Ивану не по душе было сторониться Тошки и глядеть на нее зверем, но начнет с ней говорить — словно кто-то за горло ухватит и губы задергаются. Раньше, когда Минчо еще был жив, она часто шутила с ним, посмеивалась над его любовными увлечениями. „Слушай, Иван, — говорит бывало, а у самой глаза так и смеются, — хочешь, я тебе все улажу с Маламкой. Брось ты эту Ленку Пекову, она около Балабанова увивается. Но ничего у нее там не выйдет, пустой номер, а Маламке ты по сердцу…“ Когда на Костиевской ярмарке Ивану приглянулась дочка Коли Кавалджиева и начал он ее обхаживать, Тошка в шутку посоветовала: „Стоʼит ли тебе ноги попусту бить, по костиевским закоулкам слоняться — маме невестка со стороны не нужна. А коли меня спросишь, так скажу: раз тебе она женой будет, так, значит, и мне родня.“
Вот и теперь ему хотелось, чтобы было все по-старому: чтобы снова шутили, чтобы невесту ему подыскивали. Но Тошка молчала. Да чего же он от нее-то хочет, когда сам — немтырь немтырем, слова ей не скажет, а старая так и караулит, чтобы, как иголкой, кольнуть. Иван же сам первый дуться начал, сам перестал с ней разговаривать, только злобные взгляды кидал. Да если бы и хотел с ней по-прежнему держаться, все равно ничего бы не вышло: засела заноза ему глубоко в сердце, и не мог он сладить со своими мыслями. Пройдет Тошка по селу — ей вдогонку шепоточки да насмешки, маслеными глазами ей по спине шарят, заигрывают по-мужицки нахально. Вдовушка, дескать, с ней можно… Так уж спокон веку заведено: молодая да красивая вдова — каждый с ней поиграть не прочь. Иван злился, но и сам поддавался общему настроению, и он не мог иногда глаз оторвать от ее стройной, гибкой фигуры, как магнитом притягивали ее крепкие ноги. Каждое движение ее тела гулом отдавалось в голове, в глазах темнело, даже дрожь пробирала… Иван готов был сам себя проклясть, силился не думать об этом, от стыда не знал, куда деться, но невольно, как подсолнух за солнцем, поворачивал голову за ней, не отрываясь взглядом от ее движений, стиснув зубы и хищно прищурив глаза. При посторонних было легче, но стоило им остаться вдвоем, он боялся поднять на нее глаза, ему казалось, она все сразу поймет, прочтет его гнусные желания и с отвращением плюнет в лицо… Теперь он уже и сам не знал, почему с ней молчит: из-за дележа земли или из-за этих темных желаний.

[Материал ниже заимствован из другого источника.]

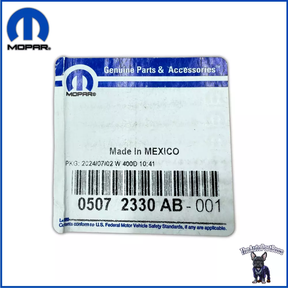 Message Us BRAND NEW MOPAR GENUINE ORDERS ARE SHIPPED SAME DAY IF PLACED BEFORE 5 PM EST If Express or Expedited shipping is not available, please contact us. GENUINE MOPAR PART # 5072330AB Radiator Fan Motor Key Features: Quality and Fit OEM Standards 100% Genuine Part Ready to Order? Don't miss out on this high-quality, genuine part. Order now and enjoy fast shipping! If you are not sure this will fit your vehicle, please message us your VIN before ordering to verify compatibility. FOR: Year Make Model Body & Trim Engine & Transmission 2023 Chrysler 300 C 6.4L V8 - Gas 2023 Dodge Challenger R/T Scat Pack, R/T Scat Pack Widebody 6.4L V8 - Gas 2023 Dodge Charger Scat Pack, Scat Pack Widebody 6.4L V8 - Gas 2022 Chrysler 300 S, Touring, Touring L 3.6L V6 - Flex, 3.6L V6 - Gas, 5.7L V8 - Gas 2022 Dodge Challenger R/T Scat Pack, R/T Scat Pack Widebody 6.4L V8 - Gas 2022 Dodge Charger GT, R/T, SRT Hellcat Redeye Widebody, SRT Hellcat Widebody, SRT Jailbreak, SXT, Scat Pack, Scat Pack Widebody 3.6L V6 - Flex, 3.6L V6 - Gas, 5.7L V8 - Gas, 6.2L V8 - Gas, 6.4L V8 - Gas 2021 Chrysler 300 S, Touring, Touring L 3.6L V6 - Flex, 3.6L V6 - Gas, 5.7L V8 - Gas 2021 Dodge Challenger R/T Scat Pack, R/T Scat Pack Widebody 6.4L V8 - Gas 2021 Dodge Charger Scat Pack 6.4L V8 - Gas 2020 Chrysler 300 C, Limited, S, Touring, Touring L 3.6L V6 - Flex, 3.6L V6 - Gas, 5.7L V8 - Gas 2020 Dodge Challenger R/T Scat Pack, R/T Scat Pack Widebody 6.4L V8 - Gas 2020 Dodge Charger GT, Pursuit, R/T, SRT Hellcat, SRT Hellcat Widebody, SXT, Scat Pack 3.6L V6 - Flex, 3.6L V6 - Gas, 5.7L V8 - Gas, 6.2L V8 - Gas, 6.4L V8 - Gas 2019 Chrysler 300 C, Limited, S, Touring, Touring L 3.6L V6 - Flex, 3.6L V6 - Gas, 5.7L V8 - Gas 2019 Dodge Charger GT, Pursuit, R/T, SRT Hellcat, SXT, Scat Pack 3.6L V6 - Flex, 3.6L V6 - Gas, 5.7L V8 - Gas, 6.2L V8 - Gas, 6.4L V8 - Gas 2018 Chrysler 300 C, Limited, S, Touring, Touring L 3.6L V6 - Flex, 3.6L V6 - Gas, 5.7L V8 - Gas 2018 Dodge Charger GT, GT Plus, Pursuit, R/T, R/T Scat Pack, SRT 392, SRT Hellcat, SXT, SXT Plus, SXT Plus Leather 3.6L V6 - Flex, 3.6L V6 - Gas, 5.7L V8 - Gas, 6.2L V8 - Gas, 6.4L V8 - Gas 2017 Chrysler 300 C, C Platinum, Limited, S 3.6L V6 - Flex, 3.6L V6 - Gas, 5.7L V8 - Gas 2017 Dodge Challenger R/T Scat Pack, SRT 392, T/A 392 6.4L V8 - Gas 2017 Dodge Charger Pursuit, R/T, R/T Scat Pack, SE, SRT 392, SRT Hellcat, SXT 3.6L V6 - Flex, 5.7L V8 - Gas, 6.2L V8 - Gas, 6.4L V8 - Gas 2016 Chrysler 300 C, C Platinum, Limited, S 3.6L V6 - Flex, 3.6L V6 - Gas, 5.7L V8 - Gas 2016 Dodge Challenger 392 Hemi Scat Pack Shaker, R/T Scat Pack, SRT 392 6.4L V8 - Gas 2016 Dodge Charger Pursuit, R/T, R/T Road & Track, R/T Scat Pack, SE, SRT 392, SRT Hellcat, SXT 3.6L V6 - Flex, 5.7L V8 - Gas, 6.2L V8 - Gas, 6.4L V8 - Gas 2015 Chrysler 300 C, C Platinum, Limited, S 3.6L V6 - Flex, 3.6L V6 - Gas, 5.7L V8 - Gas 2015 Dodge Challenger SRT 392, Scat Pack 6.4L V8 - Gas 2015 Dodge Charger Pursuit, R/T, R/T Road & Track, R/T Scat Pack, SE, SRT 392, SRT Hellcat, SXT 3.6L V6 - Flex, 5.7L V8 - Gas, 6.2L V8 - Gas, 6.4L V8 - Gas 2014 Chrysler 300 Base, C, C Luxury, S, SRT8 3.6L V6 - Flex, 3.6L V6 - Gas, 5.7L V8 - Gas, 6.4L V8 - Gas 2014 Dodge Charger Pursuit, R/T, SE, SRT8, SXT 3.6L V6 - Flex, 3.6L V6 - Gas, 5.7L V8 - Gas, 6.4L V8 - Gas 2013 Chrysler 300 Base, C, C Luxury, S, SRT8, SRT8 Core 3.6L V6 - Flex, 3.6L V6 - Gas, 5.7L V8 - Gas, 6.4L V8 - Gas 2013 Dodge Challenger SRT8 6.4L V8 - Gas 2013 Dodge Charger Pursuit, R/T, SE, SRT8, SXT 3.6L V6 - Flex, 3.6L V6 - Gas, 5.7L V8 - Gas, 6.4L V8 - Gas 2012 Chrysler 300 Base, C, C Luxury, Limited, S, SRT8 3.6L V6 - Flex, 3.6L V6 - Gas, 5.7L V8 - Gas, 6.4L V8 - Gas 2012 Dodge Challenger SRT8 6.4L V8 - Gas 2012 Dodge Charger Pursuit, R/T, SE, SRT8, SXT, SXT Plus 3.6L V6 - Flex, 3.6L V6 - Gas, 5.7L V8 - Gas, 6.4L V8 - Gas 2011 Dodge Challenger SRT8 6.4L V8 - Gas 2011 Dodge Charger Pursuit, R/T, SE 3.6L V6 - Flex, 3.6L V6 - Gas, 5.7L V8 - Gas 2010 Chrysler 300 C, C SRT8, Limited, S, Touring 2.7L V6 - Gas, 3.5L V6 - Gas, 5.7L V8 - Gas, 6.1L V8 - Gas 2010 Dodge Challenger R/T, SRT8 5.7L V8 - Gas, 6.1L V8 - Gas 2010 Dodge Charger Pursuit, R/T, SE, SRT8, SXT 2.7L V6 - Gas, 3.5L V6 - Gas, 5.7L V8 - Gas, 6.1L V8 - Gas 2009 Chrysler 300 C, C SRT8, Limited, Signature Series, Touring 3.5L V6 - Gas, 5.7L V8 - Gas, 6.1L V8 - Gas 2009 Dodge Challenger R/T, SE, SRT8 3.5L V6 - Gas, 5.7L V8 - Gas, 6.1L V8 - Gas 2009 Dodge Charger Pursuit, R/T, SE, SRT8, SXT 2.7L V6 - Gas, 3.5L V6 - Gas, 5.7L V8 - Gas, 6.1L V8 - Gas 2008 Chrysler 300 C, C SRT8, LX, Limited, Touring 2.7L V6 - Gas, 3.5L V6 - Gas, 5.7L V8 - Gas, 6.1L V8 - Gas 2008 Dodge Challenger SRT8 6.1L V8 - Gas 2008 Dodge Charger Pursuit, R/T, SE, SRT8, SXT 2.7L V6 - Gas, 3.5L V6 - Gas, 5.7L V8 - Gas, 6.1L V8 - Gas 2008 Dodge Magnum R/T, SE, SRT8, SXT 2.7L V6 - Gas, 3.5L V6 - Gas, 5.7L V8 - Gas, 6.1L V8 - Gas 2007 Chrysler 300 Base, C, C SRT8, Limited, Touring 2.7L V6 - Gas, 3.5L V6 - Gas, 5.7L V8 - Gas, 6.1L V8 - Gas 2007 Dodge Charger Pursuit, R/T, SE, SRT8, SXT 2.7L V6 - Gas, 3.5L V6 - Gas, 5.7L V8 - Gas, 6.1L V8 - Gas 2007 Dodge Magnum R/T, SE, SRT8, SXT 2.7L V6 - Gas, 3.5L V6 - Gas, 5.7L V8 - Gas, 6.1L V8 - Gas 2006 Chrysler 300 Base, C, Touring 2.7L V6 - Gas, 3.5L V6 - Gas, 5.7L V8 - Gas 2006 Chrysler Sebring Base 2.4L L4 - Gas 2006 Dodge Charger R/T, SE, SRT8 3.5L V6 - Gas, 5.7L V8 - Gas, 6.1L V8 - Gas 2006 Dodge Magnum R/T, SE, SRT8, SXT 2.7L V6 - Gas, 3.5L V6 - Gas, 5.7L V8 - Gas, 6.1L V8 - Gas 2006 Dodge Stratus SXT 2.4L L4 - Gas 2005 Chrysler 300 Base, C, Touring 2.7L V6 - Gas, 3.5L V6 - Gas, 5.7L V8 - Gas 2005 Chrysler Sebring Base 2.4L L4 - Gas 2005 Dodge Magnum R/T, SE, SXT 2.7L V6 - Gas, 3.5L V6 - Gas, 5.7L V8 - Gas 2005 Dodge Stratus SXT 2.4L L4 - Gas 2004 Chrysler Sebring Base 2.4L L4 - Gas 2004 Dodge Stratus SE, SXT 2.4L L4 - Gas 2003 Chrysler Sebring LX 2.4L L4 - Gas 2003 Dodge Stratus ES, SE, SXT 2.4L L4 - Gas 2002 Chrysler Sebring LX 2.4L L4 - Gas 2002 Dodge Stratus ES, SE, SE Plus 2.4L L4 - Gas 2001 Chrysler Seb

Как-то старая послала их в поле. „Иван, — говорит, — сходите, соберите хлопок, который остался…“
Иван пошел за Тошкой, стараясь владеть собой и ничем себя не выдать:
— Возьми немного хлеба, мама за хлопком нас посылает, — но не выдержал, и голос предательски задрожал.
— А что еще взять? Мешок или сумки? — спросила Тошка.
— Мешок возьми.
Когда они, нагруженные всем необходимым, вышли за околицу, Иван решился заговорить с Тошкой. Но о чем? Все в душе сгорело. Где нужное слово отыскать? Но даже если найдет, — голос все равно выдаст. По хозяйству, вроде, и говорить нечего, про посиделки да танцы по вечерам — совсем ни к чему — душу воротит, как подумает об этом, — ну, а дела общественные… так и сам от них отошел.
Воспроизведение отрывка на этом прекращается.